New polling data from The Boston Globe reveals that U.S. physicians are prescribing fewer opioids. But how does the trend impact patients – and the nation’s opioid addiction epidemic?
The Boston Globe Data
The Globe’s December SERMO poll of nearly 3,000 physicians reveals that:
- More than half of all physician respondents reduced their opioid prescribing over the past two years
- More than two-thirds of internal medicine and family practice physicians reduced their opioid prescribing over the past two years
- Thirty-four percent cited “too many hassles and risks” as their rationale for reducing prescriptions
- Twenty-nine percent credited an “improved understanding of opioids’ risks”

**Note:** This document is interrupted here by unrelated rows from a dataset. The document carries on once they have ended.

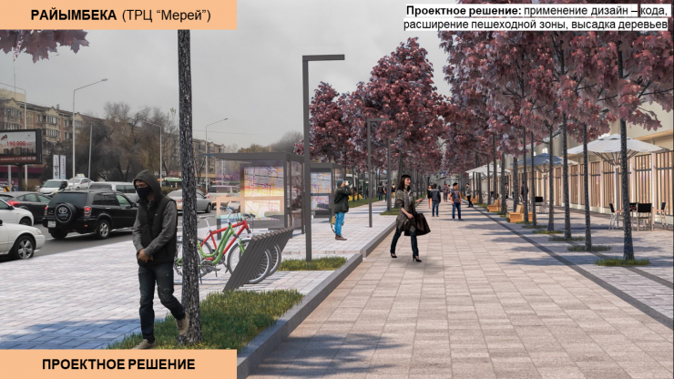 Планируется реконструировать участок от улицы Пушкина до проспекта Сейфуллина. Акимат ставит своей задачей улучшить и благоустроить северную сторону проспекта Райымбека ввиду большего количества торговых объектов и крупных остановочных комплексов, а также недостатка зеленых насаждений и тени в летнее время.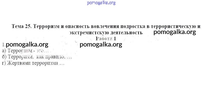 Готовые ответы - ОБЖ 7 класс рабочая тетрадь Демидов О.П. - работа 1 тема 25 1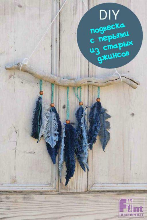 Как сделать подвеску для настенного декора из джинсовых перьев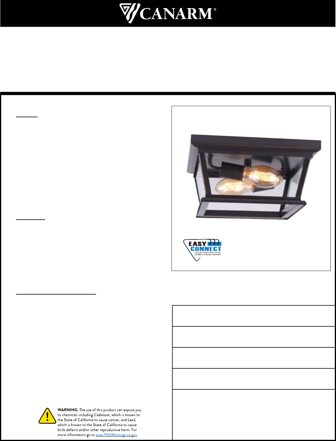 Size of xture: 12” W x 6” H x 12” D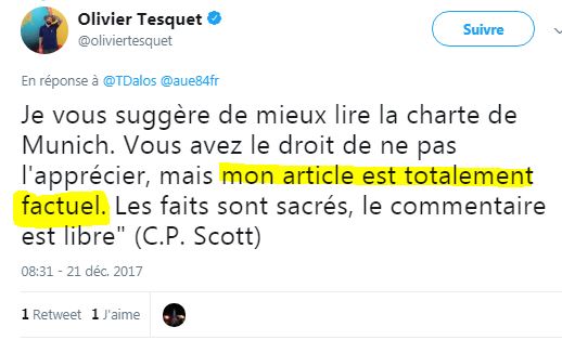 J’avoue que ma première réaction a été de rédiger une plainte pour saisir le Conseil de Déontologie du Journalisme.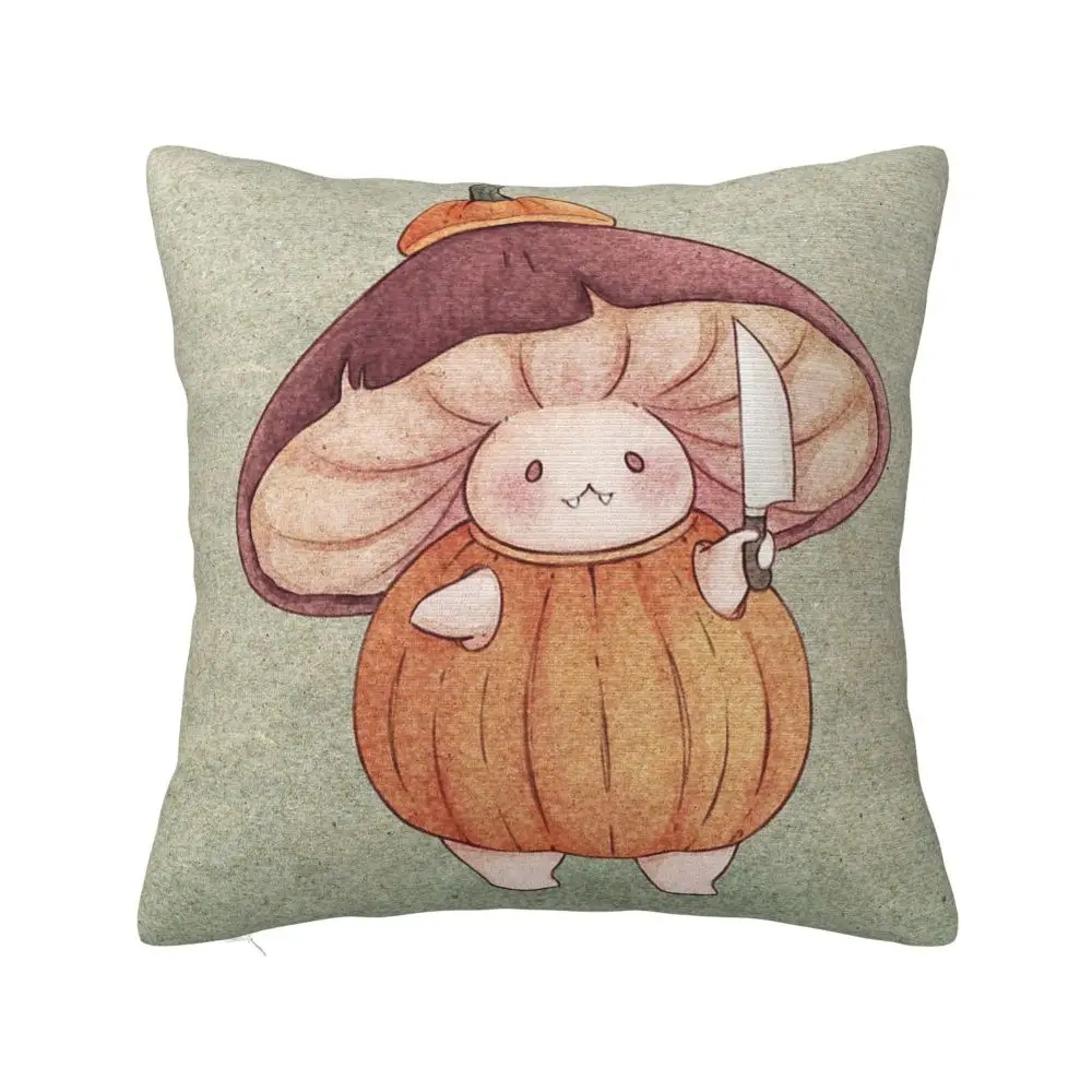 Pumpkin Halloween Mushroom Knife Square Pillowcase Polyester Linen Velvet Printed Zip Decor Car Cushion Cover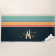 Monogrammed Retro 70s Navy Blue & Colorful Sripes Beach Towel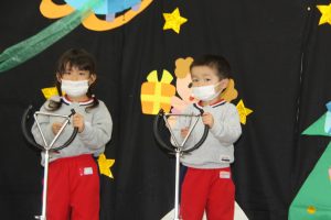 2022年12月09日 / 最終更新日時 : 2022年12月09日 アスター幼稚園 園の様子 あわてんぼうのサンタクロース(こすもす2) 12月21日の歌・合奏発表会に向けて、どのクラスも練習が始まっています。こすもす2組の合奏曲は「あわてんぼうのサンタクロース」です。「あわてんぼうのサンタクロース」の歌を口ずさみながら写真を見てくださいね。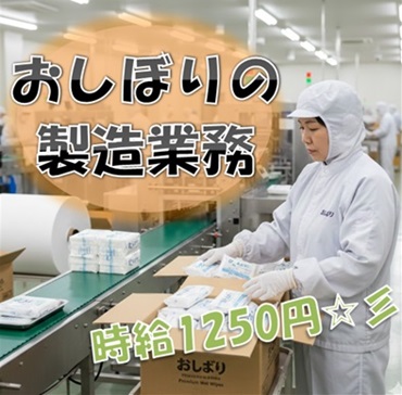 【作業内容】ウエットティッシュなどの家庭日用品の製造、生産に伴う機械操作、製品の...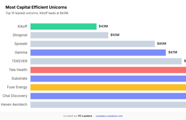Only 5 companies in the entire class show disclosed funding below $100M: Kikoff ($42.5M), Shrapnel ($50M), SpreeAI ($80M), Gamma ($87M), and TEKEVER ($97.2M). And even this list deserves an asterisk. Kikoff, which sits at the bottom with $42.5M in disclosed funding across 4 rounds, has not yet disclosed the size of the round that made it a unicorn. When that number surfaces, it will almost certainly push the company well above the $100M mark. The same logic applies to others on this list — when companies appear “lean,” it’s often a matter of timing and disclosure, not genuine capital efficiency.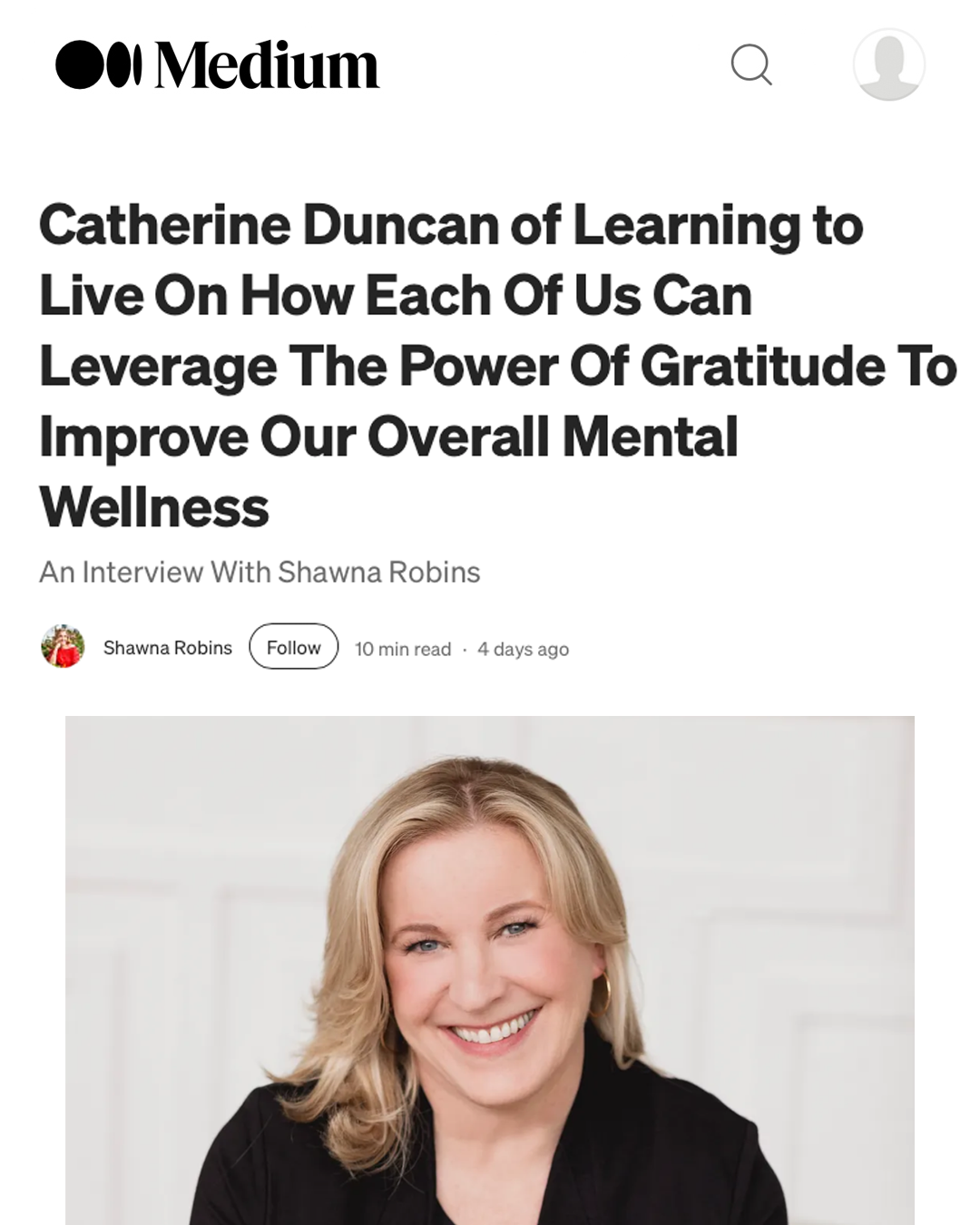 Episode titled “A closer look at mindfulness and spirituality in health care” by neurologist Dr. Joe Sirven featuring Catherine Duncan on NPR.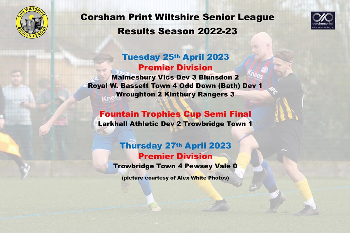 Tuesday night saw the second semi final in the Fountain Trophies Cup with Division One champions Larkhall Athletic Development up against the expected champions in the Premier Division Trowbridge Town. Larkhall were expected to give the Premier Division leaders a stern test and it proved to be just that. Trowbridge gave Larkhall a guard of honour as they came onto the pitch in recognition of their title achievement, which was a nice touch ahead of such an important game. The match itself saw a tight first half, with the two sides turning round at half time with the game still looking for its first goal. The deadlock was eventually broken in the second half when Theirry Swaby continued his rich vein of form in front of goal when he put Larkhall ahead with his 14th of the season, this was his third in the Fountain Trophies Cup this season. Both sides were then reduced to ten men when Larkhall’s Harley Prior and Trowbridge’s Connor McKay both saw red. Just as it looked like it would be Larkhall who progressed to the final in normal time, a late equaliser from Tom Mack levelled matters up meaning extra-time was needed to settle matters. The winning goal in extra time was to come four minutes from the end of the additional half-an-hour, and it went the way of home side Larkhall, Harvey Kendrick with the winning strike to send his Larkhall side through to the cup final. The final is scheduled to take place at Corsham Town on Saturday 13th May where Larkhall's opponents will be Devizes Town.

- More than one-third of physicians agreed that reducing opioid prescriptions may actually hurt patients.
Impact on Patients
As the data reveals, some physicians worry about how limiting opioid prescriptions may affect patients in pain. Consider patients with chronic pain, who may take opioids under the care of their physician and depend upon them for daily functioning.
And the poll does not explore which – if any – alternate treatment options are offered to patients whose physicians cut opioid prescribing or abandon the medications altogether. Balanced approaches that integrate pharmacologic and non-pharmacologic options (such as physical therapy and chiropractic care) can be effective. But not all health plans cover the costs of these interventions.
Without sufficient alternatives, patients may find themselves in a treatment conundrum – and in intolerable pain.
[WATCH: Understanding Balanced Pain Management]
Policy Implications
It’s also unclear how reduced prescribing might impact opioid abuse and addiction on a national scale. Late 2016 data from Massachusetts, for example, revealed that street drugs – not prescription opioids – drive the state’s overdose epidemic. The state’s department of health reported that 85 percent of overdose death toxicology reports showed the presence of heroin or fentanyl. A similar trend has emerged in other states, including Alabama.
Thus, policymakers eager to address the opioid epidemic would be wise to take a balanced approach. Reductions in opioid prescribing should stem from informed decisions about what’s best for individual patients, not from physicians’ fear of stigma or frustration with growing regulations. And health plans would do well to ensure that, where opioids’ availability diminishes, other pain management options are accessible to patients who need them.